Monday, January 14, 2008

European Space Agency ready to launch new Automated Transfer Vehicles

The European Space Agency expects to be able to soon launch its new Automated Transfer Vehicle (ATV). The first of the ESA's ATV is currently sitting on the launch pad in Kourou, French Guiana, South America, awaiting its maiden launch to carry supplies to the International Space Station (ISS). The launch is being delayed by the Atlantis shuttle launch, which is in front of it in line for docking with the ISS, though it may be able to launch as soon as February 22, 2008.

Wired Science Blog:

ATV missions are expected to launch every 12 to 15 months and will stay docked
to the station (providing 45 cubic meters extra pressurized volume and station
boosting capabilities) for up to six months.
After the mission is complete the ATV will remove up to six tons of garbage from the station and be allowed to burn up in the atmosphere on reentry just like the Russian Progress vehicles.

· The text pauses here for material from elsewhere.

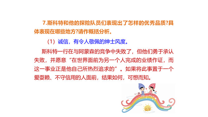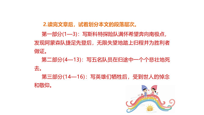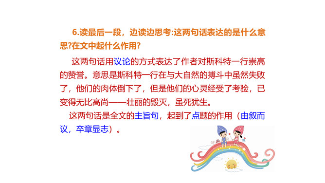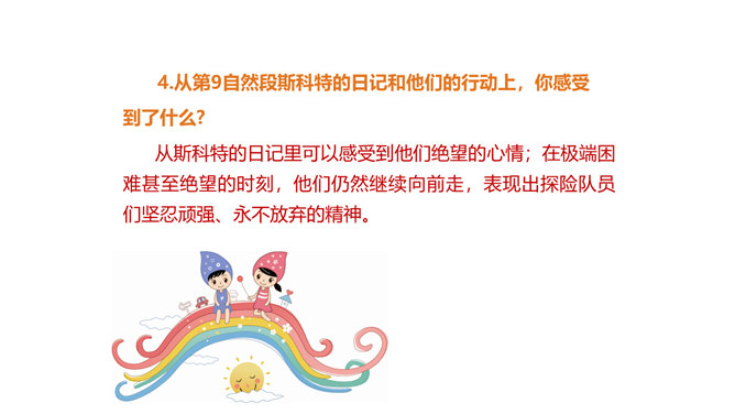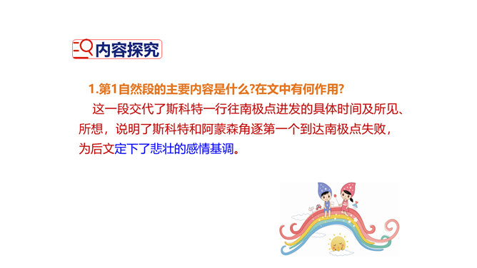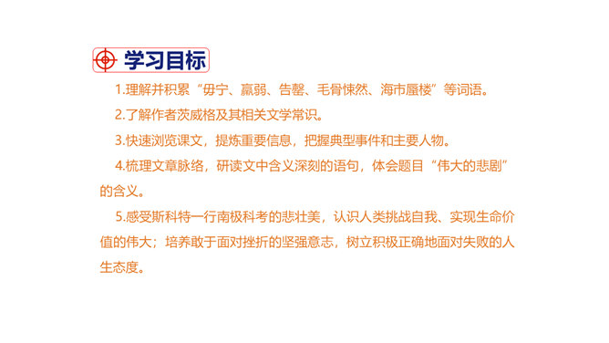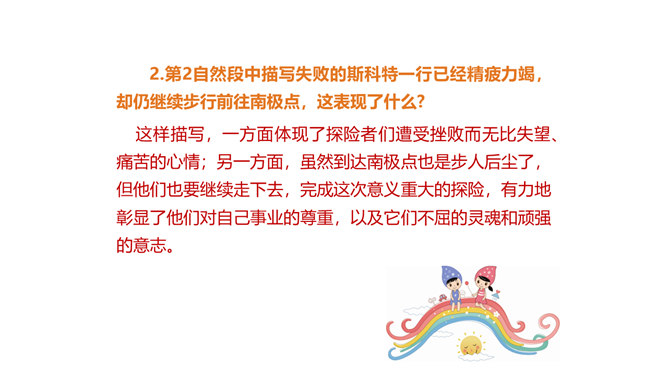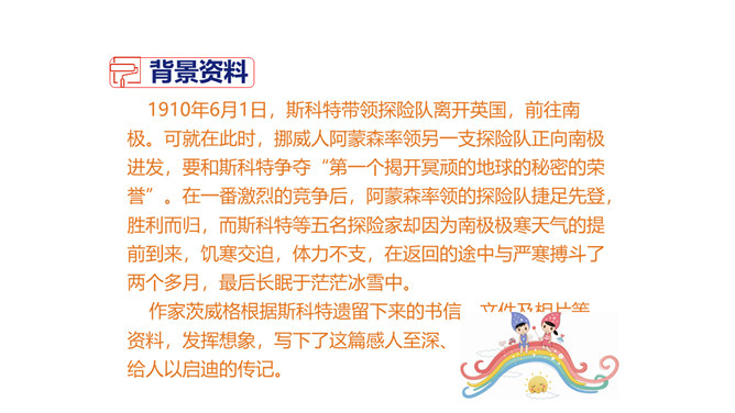 茨威格为何不给胜利者阿蒙森作传,却充满激情地为失败者斯科特书写这悲壮的一幕?这可以从课文的最后两句话中找到答案:“一个人虽然在同不可战胜的厄运的搏斗中毁灭了自己,但他的心灵却因此变得无比高尚。所有这些在一切时代都是最伟大的悲剧。”作为一位伟大的作家,茨威格想到的绝不仅仅是事业的成功者,还有许多“失败者”,他们及其背后的故事同样能给人精神上的震撼和启迪。按照这个价值标准,茨威格当然认为给斯科特作传会更有意义,会给世人更强烈的震撼和更长久的思考。所属专题:伟大的悲剧ppt。

These ATV's could be very useful in delivering crucial supplies and equipment to the ISS and future space stations. They provide a relatively low cost and risk free method to get cargo to the ISS and may prove to be very reliable. It is also an added bonus that they can add space to the ISS for extended periods of time. The one con in my opinion that adds to their low cost individually is that they aren't reusable and that they simply burn up in the atmosphere, though I guess this takes away the need for a place for them to land and makes it so that they don't require all of the equipment for reentry. Well, hopefully these ATVs will fulfill their purpose and help with ISS development and sustainment. Only time will tell.